There are several functions that really should be internal. In the early stages, you can save valuable funds by leveraging experts. You can often get a much more experienced CTO or CFO on a fractional basis than you could by hiring direct. And early on, funds should be preserved as much as possible and directed toward convincing customers to explore the benefits of your product. Be smart. The goal isn’t to have a ‘team’ that investors will fund, but to show customers who are experiencing benefits and, better yet, showing acquisition of revenue that costs you less than $1 per dollar of annual recurring revenue. Showing actual metrics and actual cash results will open more doors than having an in-house ‘team’ of has-beens. 

8. My software is self-installing and doesn’t require training.

Service is provided by people not machines. And people buy more service than content. Think about your own purchase decisions. Upgrading to Pandora Premium at the ‘hefty’ price of $8.99 per month takes more effort and brain trauma to you (the customer) than a decision to pay a baby-sitter $50 for a date night for you and your wife. Service sells better than software. Can you add service to your idea? Can you enable service with your idea? Even better, can you sell service for a while to build revenue and ‘win’ on the merits of this service and then build software to automate portions of your delivery and gain margin in a traditionally low margin business?

9. This will take me a few years and then I will be free to do my passion. 

Building this company needs to be your passion. Don’t put a timeline on your growth or on your exit. Have enough cash in the bank account and stamina in the emotional gas tank to survive double or triple your longest expectation. The activities of building a software company are hard and the journey long. If you stick with it and if it is your passion you might be able to hue out of this mountain of effort a gem of great value. 

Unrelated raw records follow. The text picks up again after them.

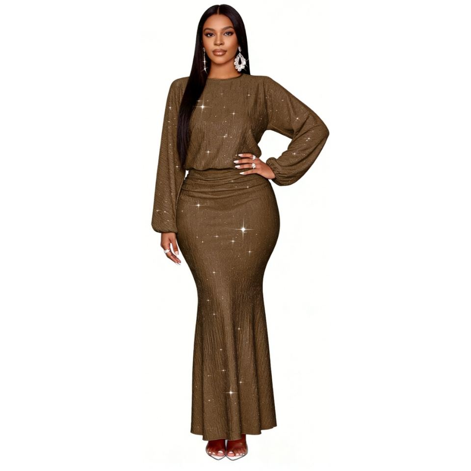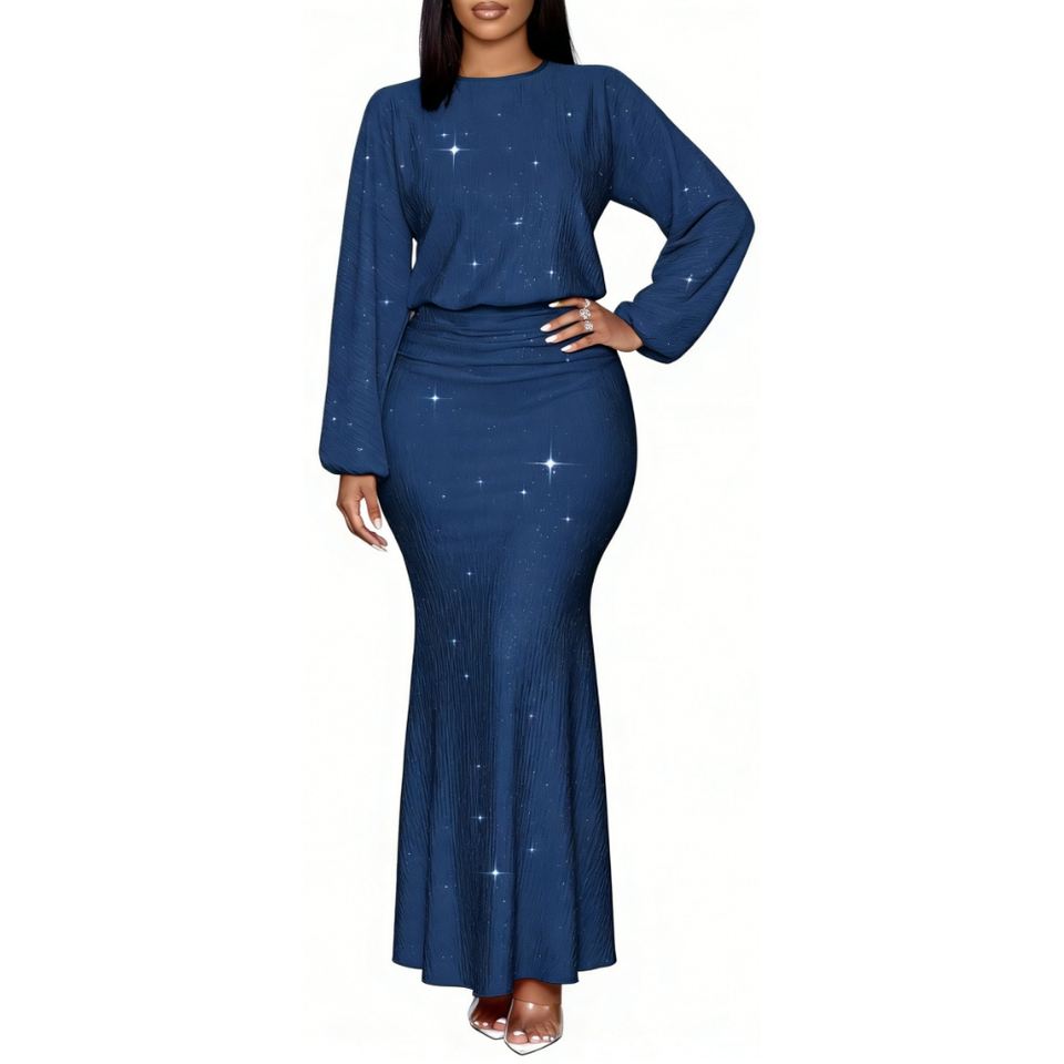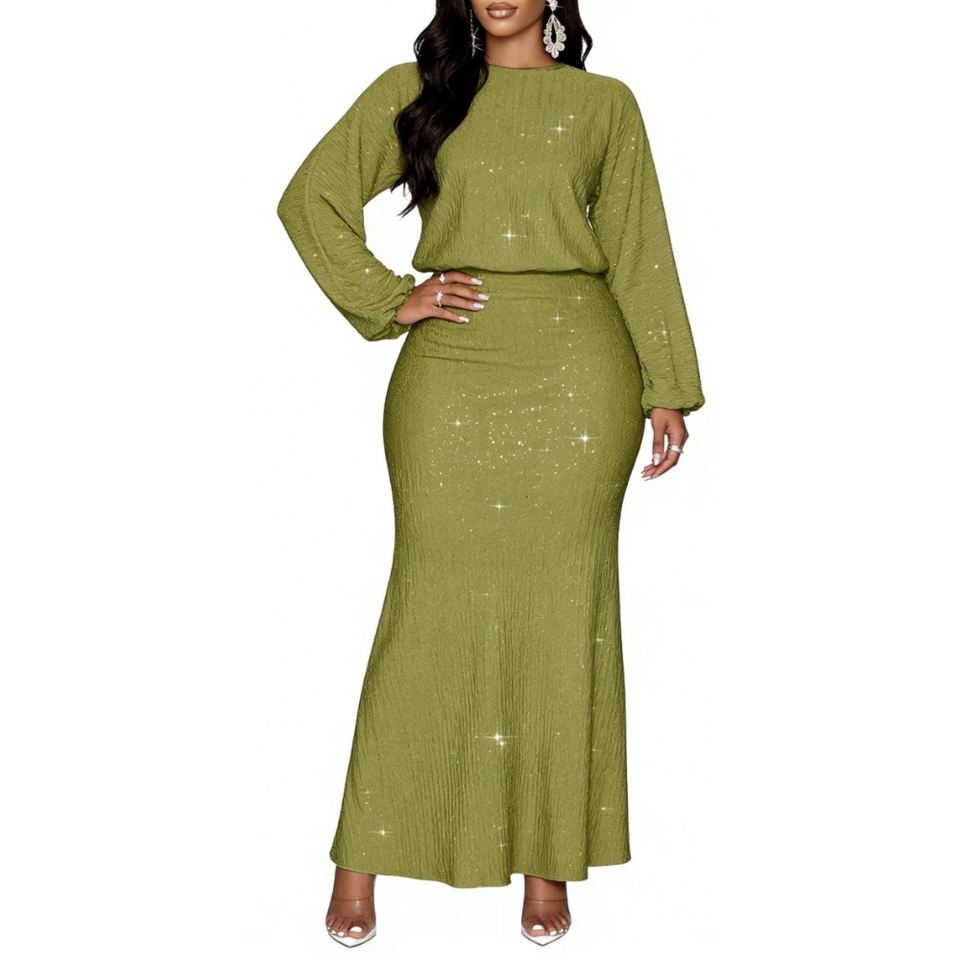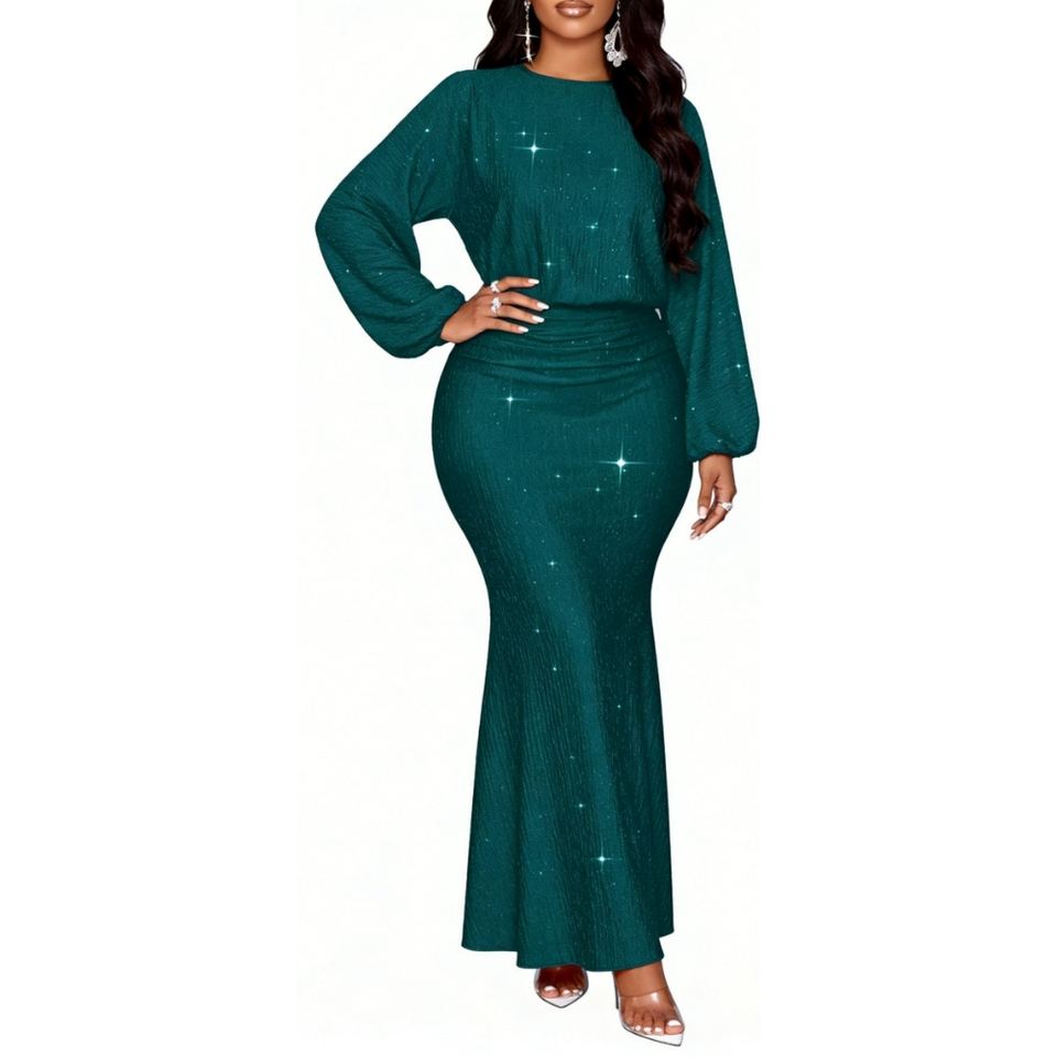 ชุดเดรสแม็กซี่ผ้ารุ้งประดับกลิตเตอร์สำหรับผู้หญิง - ชุดเดรสยาวแขนยาวสำหรับงานทางการ แฟชั่น
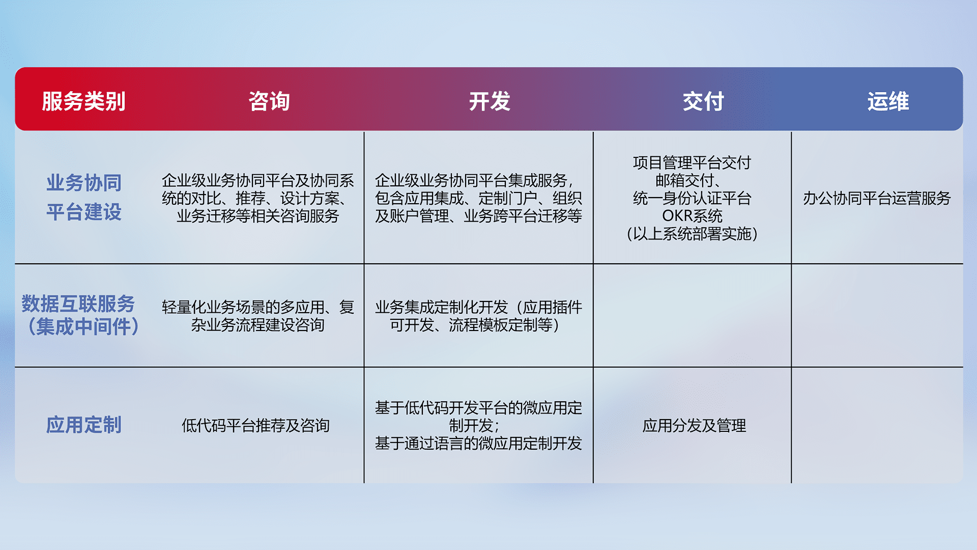 针对钉钉、、、、企微、、IDaas等平台级产品提供产品的规划、、、、方案、、、交付、、定制化开发等服务,,,实现如统一协同办公、、、、智能客户服务、、混合会议管理、、、智能数据查询、、、等业务场景,,,实现数字化转型。。
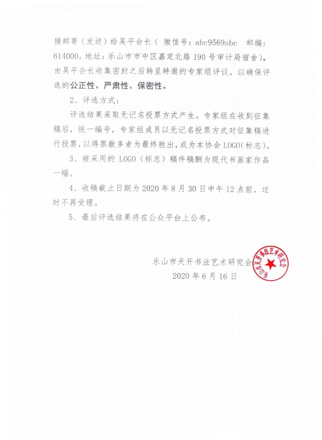 1、LOGO標(biāo)志設(shè)計(jì)應(yīng)在社會(huì)各屆人群中廣泛征集,請(qǐng)有志者各抒己見,以紙質(zhì)圖樣稿件的形式或微信圖片的方式直接郵寄(發(fā)送)給吳平會(huì)長(zhǎng)( 微信號(hào):abc9569abc 郵編:614000,地址:樂(lè)山市市中區(qū)嘉定北路190號(hào)審計(jì)局宿舍)。由吳平會(huì)長(zhǎng)收集密封之后轉(zhuǎn)呈特邀的專家組評(píng)議,以確保評(píng)選的公正性、嚴(yán)肅性、保密性。
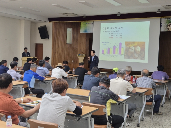 [아시아월드뉴스] 고령군은 감자 재배 농가의 소득 향상과 품질 경쟁력 강화를 위해 7월 24일 오후 2시부터 6시까지 농업기술센터 강당에서 감자작목반 회원 50여명을 대상으로 “감자 고품질 향상 재배 기술 교육”을 실시했다.
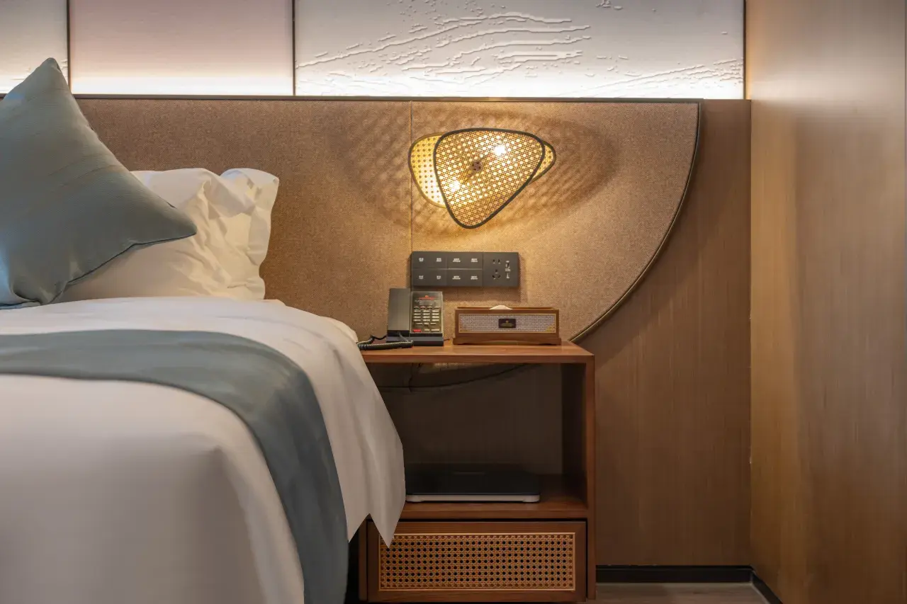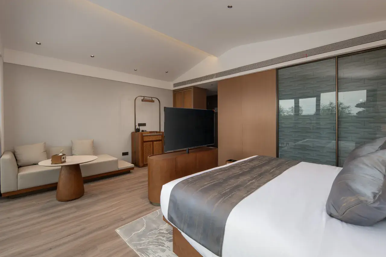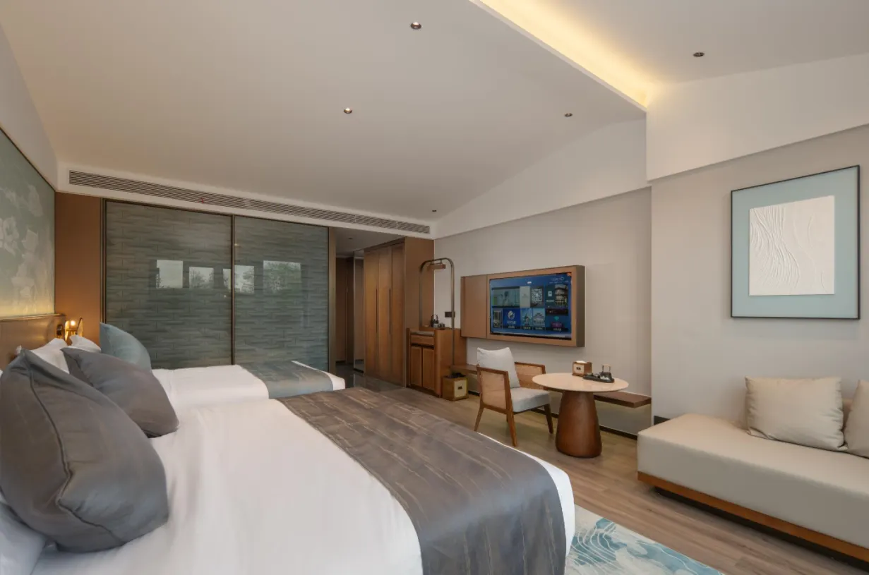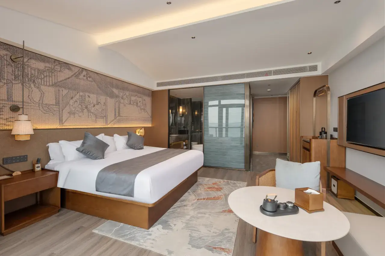 酒店坐落于浙江海宁钱塘江畔,雷迪森度假酒店以“明月映江潮”为设计灵感,将现代美学与江南水乡风情完美融合。酒店紧邻观潮胜地,背倚葱郁园林,独享静谧与壮阔的双重体验,是商务出行、家庭度假、浪漫旅居的理想之选。
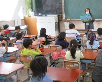 今年度初めての読み聞かせでした。どちらのクラスもお話の世界に引き込まれていました。

10. The best product will win.

The best sales pitch wins; always. A good sales pitch can be weighed down by a bad product, but it takes years for new customers to react to a bad product that is sold well. This doesn’t diminish the importance of a good product, but rather suggests that the delivery of the product to customers and their experiencing the benefits to them is just as important as a new feature or a ‘better’ product. Be careful of expecting customers to come to you just because your product is better than the dominant incumbent. Changing behavior is really hard and really expensive.